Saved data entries
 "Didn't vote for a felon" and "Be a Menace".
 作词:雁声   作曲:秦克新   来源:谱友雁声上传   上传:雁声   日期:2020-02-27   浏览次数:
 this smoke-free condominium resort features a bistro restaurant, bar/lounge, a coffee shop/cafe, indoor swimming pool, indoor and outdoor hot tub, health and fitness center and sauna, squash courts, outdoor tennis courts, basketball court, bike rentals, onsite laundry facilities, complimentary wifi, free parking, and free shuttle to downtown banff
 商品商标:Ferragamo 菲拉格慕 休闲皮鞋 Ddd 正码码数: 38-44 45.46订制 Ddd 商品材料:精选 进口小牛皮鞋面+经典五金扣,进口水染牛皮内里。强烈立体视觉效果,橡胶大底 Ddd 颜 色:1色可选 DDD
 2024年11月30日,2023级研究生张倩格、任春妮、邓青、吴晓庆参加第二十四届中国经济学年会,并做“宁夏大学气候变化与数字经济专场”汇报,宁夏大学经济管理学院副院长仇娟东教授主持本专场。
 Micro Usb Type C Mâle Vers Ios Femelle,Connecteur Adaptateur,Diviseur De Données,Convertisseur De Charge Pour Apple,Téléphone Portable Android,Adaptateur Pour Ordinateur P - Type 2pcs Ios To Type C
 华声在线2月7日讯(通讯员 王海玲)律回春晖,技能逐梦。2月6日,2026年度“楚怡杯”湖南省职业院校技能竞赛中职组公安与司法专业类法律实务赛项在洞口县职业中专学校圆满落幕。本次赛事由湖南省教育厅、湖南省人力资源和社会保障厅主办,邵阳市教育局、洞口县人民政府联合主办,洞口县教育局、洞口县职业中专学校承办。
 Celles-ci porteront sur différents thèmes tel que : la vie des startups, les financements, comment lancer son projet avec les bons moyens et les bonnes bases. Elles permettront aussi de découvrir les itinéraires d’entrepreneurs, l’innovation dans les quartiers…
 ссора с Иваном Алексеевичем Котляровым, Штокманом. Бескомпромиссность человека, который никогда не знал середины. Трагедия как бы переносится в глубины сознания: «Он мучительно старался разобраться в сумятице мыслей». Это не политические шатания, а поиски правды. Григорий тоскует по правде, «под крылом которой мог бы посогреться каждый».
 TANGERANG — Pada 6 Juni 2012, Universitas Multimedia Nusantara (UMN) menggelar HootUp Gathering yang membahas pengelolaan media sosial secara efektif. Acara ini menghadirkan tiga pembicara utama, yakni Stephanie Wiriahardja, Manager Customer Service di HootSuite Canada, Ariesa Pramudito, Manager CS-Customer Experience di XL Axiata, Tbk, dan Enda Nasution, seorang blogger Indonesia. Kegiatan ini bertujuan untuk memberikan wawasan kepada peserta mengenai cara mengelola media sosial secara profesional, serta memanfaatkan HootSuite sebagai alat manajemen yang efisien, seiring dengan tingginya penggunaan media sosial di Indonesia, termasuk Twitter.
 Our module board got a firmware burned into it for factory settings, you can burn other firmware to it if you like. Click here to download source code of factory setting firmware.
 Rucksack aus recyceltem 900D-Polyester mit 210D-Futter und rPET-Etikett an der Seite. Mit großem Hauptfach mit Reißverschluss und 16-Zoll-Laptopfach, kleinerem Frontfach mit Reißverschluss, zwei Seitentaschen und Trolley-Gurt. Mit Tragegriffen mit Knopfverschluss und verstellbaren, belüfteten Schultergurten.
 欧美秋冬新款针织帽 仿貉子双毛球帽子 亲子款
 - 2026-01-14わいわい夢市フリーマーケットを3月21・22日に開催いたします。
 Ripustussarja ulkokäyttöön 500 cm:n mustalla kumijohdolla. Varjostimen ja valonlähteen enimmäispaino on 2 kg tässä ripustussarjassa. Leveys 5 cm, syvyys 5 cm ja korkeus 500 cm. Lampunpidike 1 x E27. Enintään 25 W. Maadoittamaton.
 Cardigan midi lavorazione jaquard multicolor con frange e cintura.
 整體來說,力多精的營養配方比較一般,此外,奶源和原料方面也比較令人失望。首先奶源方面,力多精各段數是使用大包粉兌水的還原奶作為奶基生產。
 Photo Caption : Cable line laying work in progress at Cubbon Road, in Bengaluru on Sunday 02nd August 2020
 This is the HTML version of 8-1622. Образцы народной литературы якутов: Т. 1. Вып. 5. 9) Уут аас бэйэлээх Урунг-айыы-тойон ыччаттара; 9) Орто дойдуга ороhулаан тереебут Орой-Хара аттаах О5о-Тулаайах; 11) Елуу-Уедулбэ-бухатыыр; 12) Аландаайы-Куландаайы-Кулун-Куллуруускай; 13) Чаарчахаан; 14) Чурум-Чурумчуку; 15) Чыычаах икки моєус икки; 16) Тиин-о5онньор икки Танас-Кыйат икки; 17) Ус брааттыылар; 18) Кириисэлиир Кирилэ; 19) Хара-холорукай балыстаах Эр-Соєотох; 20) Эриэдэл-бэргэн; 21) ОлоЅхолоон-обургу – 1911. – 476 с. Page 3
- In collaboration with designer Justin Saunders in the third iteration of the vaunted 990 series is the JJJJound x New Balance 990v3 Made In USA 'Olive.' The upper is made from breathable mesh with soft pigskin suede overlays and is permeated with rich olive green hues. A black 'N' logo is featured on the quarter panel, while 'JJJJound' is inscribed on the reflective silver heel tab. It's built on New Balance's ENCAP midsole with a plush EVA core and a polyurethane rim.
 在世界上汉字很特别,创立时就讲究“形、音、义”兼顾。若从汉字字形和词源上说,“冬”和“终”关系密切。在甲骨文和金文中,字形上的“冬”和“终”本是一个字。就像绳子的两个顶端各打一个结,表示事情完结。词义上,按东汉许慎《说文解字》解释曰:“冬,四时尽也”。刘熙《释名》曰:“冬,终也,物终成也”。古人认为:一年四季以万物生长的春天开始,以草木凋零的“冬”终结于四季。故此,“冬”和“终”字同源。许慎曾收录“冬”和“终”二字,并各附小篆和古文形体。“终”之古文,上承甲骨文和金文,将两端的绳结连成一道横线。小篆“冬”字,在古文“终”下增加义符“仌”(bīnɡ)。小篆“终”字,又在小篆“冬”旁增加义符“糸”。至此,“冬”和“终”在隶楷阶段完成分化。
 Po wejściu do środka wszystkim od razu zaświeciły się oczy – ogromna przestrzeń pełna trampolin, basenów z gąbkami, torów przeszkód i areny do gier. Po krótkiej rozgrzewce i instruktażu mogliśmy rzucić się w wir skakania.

WHAT YOU NEED TO DO:
Exactly as written above, copy every line.

ANSWER AREA:
 "Didn't vote for a felon" and "Be a Menace".
 作词:雁声   作曲:秦克新   来源:谱友雁声上传   上传:雁声   日期:2020-02-27   浏览次数:
 this smoke-free condominium resort features a bistro restaurant, bar/lounge, a coffee shop/cafe, indoor swimming pool, indoor and outdoor hot tub, health and fitness center and sauna, squash courts, outdoor tennis courts, basketball court, bike rentals, onsite laundry facilities, complimentary wifi, free parking, and free shuttle to downtown banff
 商品商标:Ferragamo 菲拉格慕 休闲皮鞋 Ddd 正码码数: 38-44 45.46订制 Ddd 商品材料:精选 进口小牛皮鞋面+经典五金扣,进口水染牛皮内里。强烈立体视觉效果,橡胶大底 Ddd 颜 色:1色可选 DDD
 2024年11月30日,2023级研究生张倩格、任春妮、邓青、吴晓庆参加第二十四届中国经济学年会,并做“宁夏大学气候变化与数字经济专场”汇报,宁夏大学经济管理学院副院长仇娟东教授主持本专场。
 Micro Usb Type C Mâle Vers Ios Femelle,Connecteur Adaptateur,Diviseur De Données,Convertisseur De Charge Pour Apple,Téléphone Portable Android,Adaptateur Pour Ordinateur P - Type 2pcs Ios To Type C
 华声在线2月7日讯(通讯员 王海玲)律回春晖,技能逐梦。2月6日,2026年度“楚怡杯”湖南省职业院校技能竞赛中职组公安与司法专业类法律实务赛项在洞口县职业中专学校圆满落幕。本次赛事由湖南省教育厅、湖南省人力资源和社会保障厅主办,邵阳市教育局、洞口县人民政府联合主办,洞口县教育局、洞口县职业中专学校承办。
 Celles-ci porteront sur différents thèmes tel que : la vie des startups, les financements, comment lancer son projet avec les bons moyens et les bonnes bases. Elles permettront aussi de découvrir les itinéraires d’entrepreneurs, l’innovation dans les quartiers…
 ссора с Иваном Алексеевичем Котляровым, Штокманом. Бескомпромиссность человека, который никогда не знал середины. Трагедия как бы переносится в глубины сознания: «Он мучительно старался разобраться в сумятице мыслей». Это не политические шатания, а поиски правды. Григорий тоскует по правде, «под крылом которой мог бы посогреться каждый».
 TANGERANG — Pada 6 Juni 2012, Universitas Multimedia Nusantara (UMN) menggelar HootUp Gathering yang membahas pengelolaan media sosial secara efektif. Acara ini menghadirkan tiga pembicara utama, yakni Stephanie Wiriahardja, Manager Customer Service di HootSuite Canada, Ariesa Pramudito, Manager CS-Customer Experience di XL Axiata, Tbk, dan Enda Nasution, seorang blogger Indonesia. Kegiatan ini bertujuan untuk memberikan wawasan kepada peserta mengenai cara mengelola media sosial secara profesional, serta memanfaatkan HootSuite sebagai alat manajemen yang efisien, seiring dengan tingginya penggunaan media sosial di Indonesia, termasuk Twitter.
 Our module board got a firmware burned into it for factory settings, you can burn other firmware to it if you like. Click here to download source code of factory setting firmware.
 Rucksack aus recyceltem 900D-Polyester mit 210D-Futter und rPET-Etikett an der Seite. Mit großem Hauptfach mit Reißverschluss und 16-Zoll-Laptopfach, kleinerem Frontfach mit Reißverschluss, zwei Seitentaschen und Trolley-Gurt. Mit Tragegriffen mit Knopfverschluss und verstellbaren, belüfteten Schultergurten.
 欧美秋冬新款针织帽 仿貉子双毛球帽子 亲子款
 - 2026-01-14わいわい夢市フリーマーケットを3月21・22日に開催いたします。
 Ripustussarja ulkokäyttöön 500 cm:n mustalla kumijohdolla. Varjostimen ja valonlähteen enimmäispaino on 2 kg tässä ripustussarjassa. Leveys 5 cm, syvyys 5 cm ja korkeus 500 cm. Lampunpidike 1 x E27. Enintään 25 W. Maadoittamaton.
 Cardigan midi lavorazione jaquard multicolor con frange e cintura.
 整體來說,力多精的營養配方比較一般,此外,奶源和原料方面也比較令人失望。首先奶源方面,力多精各段數是使用大包粉兌水的還原奶作為奶基生產。
 Photo Caption : Cable line laying work in progress at Cubbon Road, in Bengaluru on Sunday 02nd August 2020
 This is the HTML version of 8-1622. Образцы народной литературы якутов: Т. 1. Вып. 5. 9) Уут аас бэйэлээх Урунг-айыы-тойон ыччаттара; 9) Орто дойдуга ороhулаан тереебут Орой-Хара аттаах О5о-Тулаайах; 11) Елуу-Уедулбэ-бухатыыр; 12) Аландаайы-Куландаайы-Кулун-Куллуруускай; 13) Чаарчахаан; 14) Чурум-Чурумчуку; 15) Чыычаах икки моєус икки; 16) Тиин-о5онньор икки Танас-Кыйат икки; 17) Ус брааттыылар; 18) Кириисэлиир Кирилэ; 19) Хара-холорукай балыстаах Эр-Соєотох; 20) Эриэдэл-бэргэн; 21) ОлоЅхолоон-обургу – 1911. – 476 с. Page 3
- In collaboration with designer Justin Saunders in the third iteration of the vaunted 990 series is the JJJJound x New Balance 990v3 Made In USA 'Olive.' The upper is made from breathable mesh with soft pigskin suede overlays and is permeated with rich olive green hues. A black 'N' logo is featured on the quarter panel, while 'JJJJound' is inscribed on the reflective silver heel tab. It's built on New Balance's ENCAP midsole with a plush EVA core and a polyurethane rim.
 在世界上汉字很特别,创立时就讲究“形、音、义”兼顾。若从汉字字形和词源上说,“冬”和“终”关系密切。在甲骨文和金文中,字形上的“冬”和“终”本是一个字。就像绳子的两个顶端各打一个结,表示事情完结。词义上,按东汉许慎《说文解字》解释曰:“冬,四时尽也”。刘熙《释名》曰:“冬,终也,物终成也”。古人认为:一年四季以万物生长的春天开始,以草木凋零的“冬”终结于四季。故此,“冬”和“终”字同源。许慎曾收录“冬”和“终”二字,并各附小篆和古文形体。“终”之古文,上承甲骨文和金文,将两端的绳结连成一道横线。小篆“冬”字,在古文“终”下增加义符“仌”(bīnɡ)。小篆“终”字,又在小篆“冬”旁增加义符“糸”。至此,“冬”和“终”在隶楷阶段完成分化。
 Po wejściu do środka wszystkim od razu zaświeciły się oczy – ogromna przestrzeń pełna trampolin, basenów z gąbkami, torów przeszkód i areny do gier. Po krótkiej rozgrzewce i instruktażu mogliśmy rzucić się w wir skakania.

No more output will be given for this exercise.